Work to be completed: In the following material, identify every line holding the string "flowing" and return it.
╭─ Listed entries
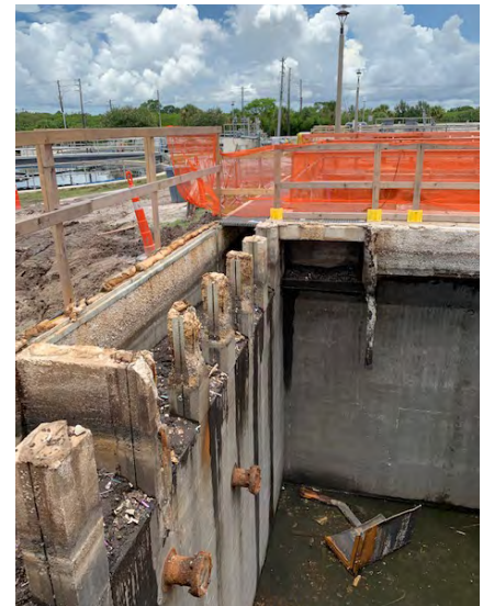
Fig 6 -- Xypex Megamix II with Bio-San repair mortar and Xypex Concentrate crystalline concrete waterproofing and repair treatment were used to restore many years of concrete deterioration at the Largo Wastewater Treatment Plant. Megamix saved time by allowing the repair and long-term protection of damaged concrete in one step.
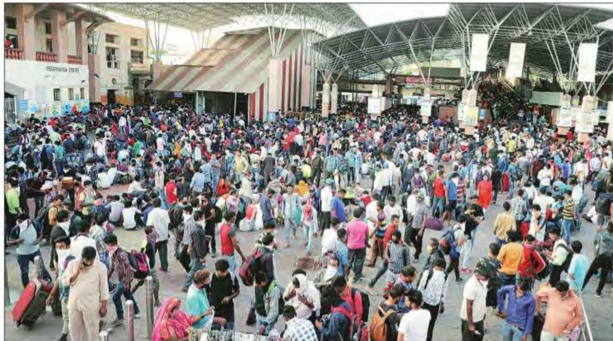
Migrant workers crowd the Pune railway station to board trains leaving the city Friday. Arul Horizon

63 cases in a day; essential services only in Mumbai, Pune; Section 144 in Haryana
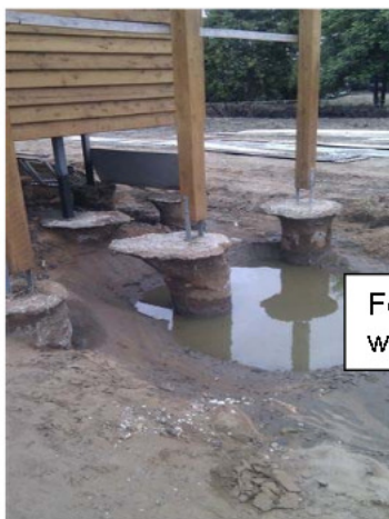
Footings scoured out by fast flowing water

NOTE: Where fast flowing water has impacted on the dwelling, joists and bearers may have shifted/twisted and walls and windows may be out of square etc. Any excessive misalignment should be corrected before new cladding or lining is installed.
╰─
╭─ Listed entries
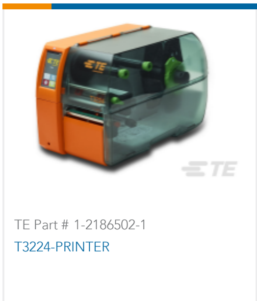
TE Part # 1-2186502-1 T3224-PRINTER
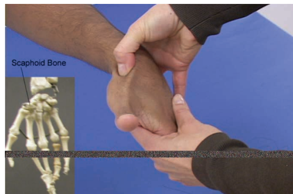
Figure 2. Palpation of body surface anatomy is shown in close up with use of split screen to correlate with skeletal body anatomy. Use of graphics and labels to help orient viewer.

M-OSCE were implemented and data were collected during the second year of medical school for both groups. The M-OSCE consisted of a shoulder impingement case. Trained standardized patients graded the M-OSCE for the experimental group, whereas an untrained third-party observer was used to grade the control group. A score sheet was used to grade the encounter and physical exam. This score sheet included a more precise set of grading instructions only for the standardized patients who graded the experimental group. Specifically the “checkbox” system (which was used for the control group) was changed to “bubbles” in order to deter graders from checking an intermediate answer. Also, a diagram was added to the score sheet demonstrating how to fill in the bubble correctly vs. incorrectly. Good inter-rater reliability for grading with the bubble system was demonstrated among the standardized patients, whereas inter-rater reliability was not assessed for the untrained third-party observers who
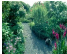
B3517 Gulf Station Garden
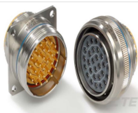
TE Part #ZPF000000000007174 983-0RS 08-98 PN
╰─
Answer:
Footings scoured out by fast flowing water
NOTE: Where fast flowing water has impacted on the dwelling, joists and bearers may have shifted/twisted and walls and windows may be out of square etc. Any excessive misalignment should be corrected before new cladding or lining is installed.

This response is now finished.